Рассказчик вошёл в раж. Присутствовавшие слушали не шелохнувшись.

– Прошло лет десять, пока я их снова увидел на улице. Впереди шёл подросший увалень. Голова у него была большая, пузо, глаза узкие, зад широкий, ноги короткие. Надо признать, совсем не красавец. За ним увивалась мать, явно озадаченная. Наверное, между ними произошла размолвка. Он показывал характер, притворялся, будто не замечает родительницу.

 

Симон отмечал бенефис. В кои веки раз привлёк внимание публики. Он вальяжно заложил ногу за ногу, в глазах появился блеск.

– Судя по всему, они – нераздельная пара. Она – одинокая суматошная мама при единственном дитяти, он, вероятно, больной, – здесь снова приглушенно загудел зал.

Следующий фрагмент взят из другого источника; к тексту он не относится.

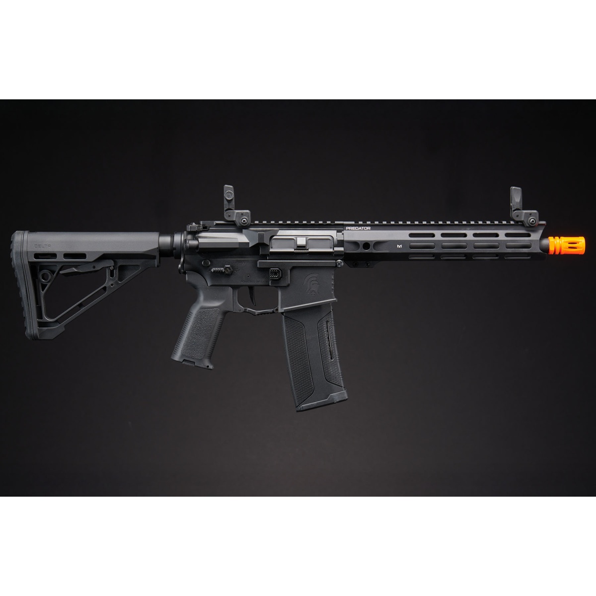 Introducing the Lancer Tactical Gen 4 Predator SBR with 10" Rail and Faxon Sight in sleek Black. Unleash precision with the pre-installed GATE ASTER MOSFET, ambidextrous controls, and functioning bolt catch. Its metal alloy receiver features a weather-resistant matte finish, paired with a CNC-machined 5" M-LOK handguard. Boasting a Faxon Flip-Up sight, quick deploy release, and high-speed 140 rd Mid-Cap magazine, this rifle is tactical excellence. Experience versatility with the quick-change spring system, Deans connector, and PDW stock with rubberized buttpad. Elevate your airsoft game with Lancer Tactical's Gen 4 gearbox technology. Get the Predator SBR at Airsoft Megastore – your path to supremacy.

– А сейчас третий эпизод, – заявил Симон и многообещающе улыбнулся.

 

– Как-то я заглянул в окраинный район, в рабочее предместье. Там жили в основном русские, что работали на заводе, к которому прилегало местечко. Я проходил мимо биржи. Она явно маялась от безделья. Слышу, как один из компании умиленно (на свой лад) говорит: «Наблюдаю за мальцом, моим братцем, как он погрёмой трясёт. А потом пиндык ею себя по кочану!» Компания заулыбалась и опять сникла. Вдруг оживилась. Я съёжился, показалось, что меня будут тузить. Но оказалось, что биржевики переключились на другого прохожего. Он шёл позади меня. Я оглянулся и кого вижу – того дитя, но без матери. Он повзрослел, щетина на лице появилась. В руках у него был кулёк с семечками. Заметно было, что его здесь за местную достопримечательность держат. Мальчуганы, которые были помладше недоросля, начали тузить его, кулёк отнимать. А он вцепился в него не отпускает, и кричит: «Мама! Мама!!» Кто-то со злости его по-настоящему пнул, а он снова матушку зовёт. Взывающий голос изменился и шёл откуда-то из груди, звучал мелодраматично. Такое ощущение, что ради этого голоса, уже знакомого, биржевики и задирают этого увальня. Нервы щекотал. Кого ещё больше раззадоривал, кого наоборот – заставлял прекратить издевательства. Из-за поворота появилась мать. Она бежала неуклюже, женщина в возрасте, и кричала: «Аленька, Аленька!!»

 

Некоторые из присутствовавших сотрудниц расчувствовались. Одна достала платок и вытерла нос, как бывает, когда собираешься расплакаться.

– Я жду четвёртый эпизод. Будущее вполне угадывается. Извечная пара – пожилая мать и сыночек при ней. Как страшно за него, если он останется один. Но бывает и наоборот, – заключил Симон.

Народ опять затих. Я, как инициатор общего разговора, решил его закончить, закруглить тему. Но меня опередил Беня. Он выпалил:

– Люди не то что часто, а регулярно обнаруживают, что мир тесен! Чем чаще, тем вероятнее! Случайность стала похожей на правило.

 

Сотрудники пожали плечами и вернулись к своим делам.